Year-over-year, national multifamily rents receded by 0.1% in February, but according to the latest National Multifamily Report from Yardi Matrix, they may soon be moving positively again.
“While national rent growth was negative this month, year-over-year rents have steadily shifted closer to positive since October,” said the report. “If this trend continues, February could be the last month where we see a national decline.”
That’s a big statement, considering rents have generally been either flat or in decline since the pandemic started. But indicators are indeed pointing toward rents turning the corner; despite February’s yearly decrease, the month’s negative growth still represented an improvement of 10 basis points from the month prior. Month over month, 23 of the top 30 markets monitored by Yardi had positive rent growth, with Yardi expecting that trend to continue or even accelerate as the spring leasing season sets in.
In fact, out of the 133 total rental markets surveyed in February 2021, a whopping 111 had positive month-over-month rent growth, an encouraging sign of recovery. Many secondary and tertiary markets saw notable rent gains from January to February, and, while rents in big gateways like New York and San Francisco are still down extensively on a yearly basis, the stark month-to-month plunges in those areas have lessened quite a bit since the summer and fall.
Moreover, while 16 of the top 30 markets saw rents decrease or stay flat annually during February, the magnitude of those drops continues to improve, Yardi noted.
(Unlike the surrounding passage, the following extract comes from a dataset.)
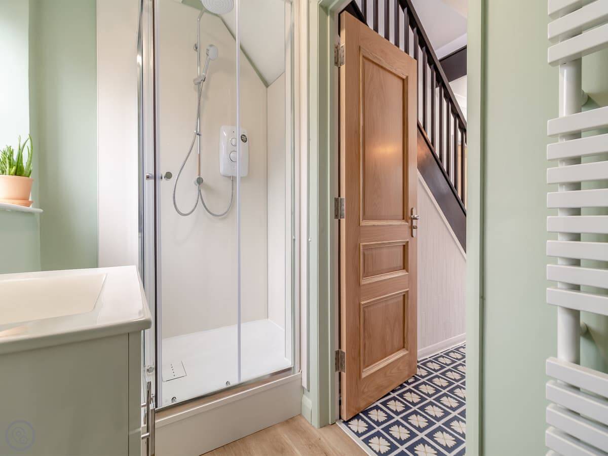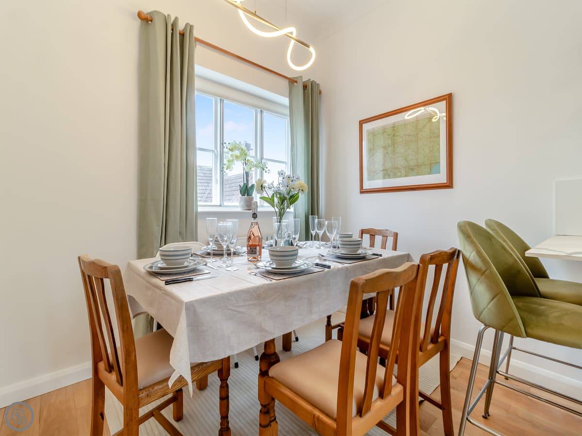 It's been done up, so it's in good condition. It sleeps six. There are three bedrooms and two bathrooms, which helps. One bedroom and a shower room are on the ground floor. The main living area is on the first floor, which some people find unusual. It means the kitchen and the sitting room get a nice view over the garden and the rooftops. The other two bedrooms are on the top floor.

And some metros are continuing to post strong annual rent growth numbers despite the pandemic passing the one-year mark: Midwestern markets, in particular, are still performing well, with Indianapolis (3.6% year-over-year rent growth in February) and Kansas City leading the region.
And with the national economy set to receive a shot in the arm thanks to the newest round of COVID-19 relief legislation, observers are optimistic for a formidable recovery. Some economists, Yardi pointed out, are projecting a possibility of GDP growth near 6%, which will only help the multifamily sector bounce back.
One thing that bears watching is the effect of the work-from-home trend on the rebound of urban cores. The impact will be felt most in cities that have large shares of workers in the tech industry, with so many such companies granting permanent remote flexibilities to their employees. Giving so many people an opportunity to trade expensive downtown rents for much cheaper alternatives will make urban core recovery in places like Seattle and the Bay Area more difficult, despite college graduates arriving to fill in some of the vacancies.
Ultimately, Yardi said, “it may just take some time for those downtowns to bounce back.”